Récemment, le livre a rencontré un nouveau public. Quand Laura est venue nous rendre visite dans les bureaux de VICE à Los Angeles, elle était accompagnée de deux blondes âgées de la trentaine. L’une d’elles tenait entre ses mains une copie du second roman de JT LeRoy, The Heart is Deceitful Above All Things , et l’autre s’appelait Jasmin. De son côté, Laura était affublée d’un chapeau blanchâtre qui tombait sur sa tête et exhibait une bague de couleur verte.
Il y a quelques années, Jasmin avait été embauchée comme stagiaire par Laura. Elle avait connu JT LeRoy lorsque son copain lui avait offert un exemplaire de Sarah. « Je suis tombée amoureuse de Sarah. Ce livre a changé ma vie, affirme Jasmin. Ce roman me parle. Pour la première fois de ma vie, je ne me suis pas sentie seule. On m’avait donné le courage d’entamer ma guérison. »
Aujourd’hui, Laura décrit LeRoy comme un avatar qu’elle utilisait pour faire face aux problèmes qui la tourmentaient. « Aujourd’hui, il n’y a plus seulement une fluidité des genres mais aussi une fluidité des avatars. Avoir un avatar ou incarner un autre n’est pas une chose étrange, affirme-t-elle. D’ailleurs, peu de gens se rendent sur Internet sous leur véritable identité. »
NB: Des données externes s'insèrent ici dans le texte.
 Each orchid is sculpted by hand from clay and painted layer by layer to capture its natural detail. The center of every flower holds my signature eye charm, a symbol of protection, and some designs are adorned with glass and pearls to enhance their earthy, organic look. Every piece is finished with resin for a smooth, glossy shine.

Laura a grandi à New York. Elle se rappelle avoir été confrontée à la confusion des genres très tôt dans sa vie mais elle manquait alors de mots pour panser ses plaies. Dans le documentaire, elle se souvient des abus subis alors qu’elle n’était encore qu’une enfant. Elle a passé une année de sa vie au sein d’un foyer, à discuter en compagnie d’autres filles maltraitées. Elle s’est battue pour retranscrire sur papier tout cela et rêvait alors d’être un garçon.
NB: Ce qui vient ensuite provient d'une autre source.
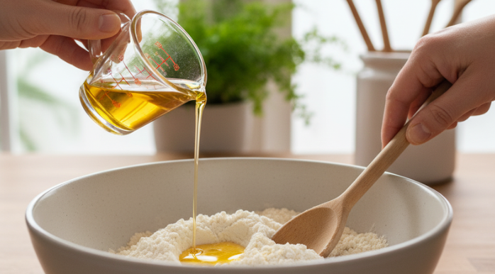 Ở một tô khác, bạn cho 150g bột mì cùng 70ml dầu ăn, sau đó nhẹ nhàng trộn đều tay cho đến khi bột thấm hết dầu và quyện lại thành một khối mịn, dẻo, không dính tay.

« J’aurais tellement voulu être un petit garçon aux cheveux blond et aux yeux bleus », raconte Laura, comme si elle décrivait LeRoy. « Les médias et la société ne parlaient pas d’abus sexuels et de maltraitance à l’époque. Quand ils ont commencé à s’y intéresser, c’était tout le temps sous la forme d’un garçon aux cheveux blonds avec les yeux bleus alors qu’il pouvait aussi bien s’agir d’une petite fille. »
Adolescente, Laura écrivait sous les traits d’un narrateur masculin. À l’Université, elle avait du mal à exprimer sa vulnérabilité dans ses écrits. « Je remonte très loin lorsque j’écris, il y a beaucoup de choses qui me font souffrir, ce n’est pas une partie de plaisir », m’a-t-elle confié. Elle avait commencé un roman à la première personne dont le narrateur était un jeune homme. Elle y parlait de maltraitance et d’abus – des thèmes récurrents dans ses œuvres. Laura assure que sa professeure lui avait demandé d’arrêter pour se lancer dans un récit avec un narrateur féminin.
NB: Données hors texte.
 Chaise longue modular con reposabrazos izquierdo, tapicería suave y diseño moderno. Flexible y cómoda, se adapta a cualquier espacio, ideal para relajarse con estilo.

Le projet LeRoy était sans doute trop novateur pour son temps – une exploration du genre que l’on observe aujourd’hui un peu partout. Quelques semaines avant notre rencontre, Laura m’a contacté sur Twitter pour me demander de laisser un avis Amazon sur le livre de JT LeRoy. À la fin de notre conversation, elle a attrapé mon exemplaire de Harold’s end, le troisième livre de JT LeRoy, et l’a dédicacé même si je lui avais dit auparavant de ne pas le faire. Qui sait à quel point le scandale LeRoy peut affecter la valeur littéraire de ses livres ? Ce qui est sûr, c’est que les gens reparlent de nouveau de JT LeRoy. « Et ce n’est pas fini », prédit Laura.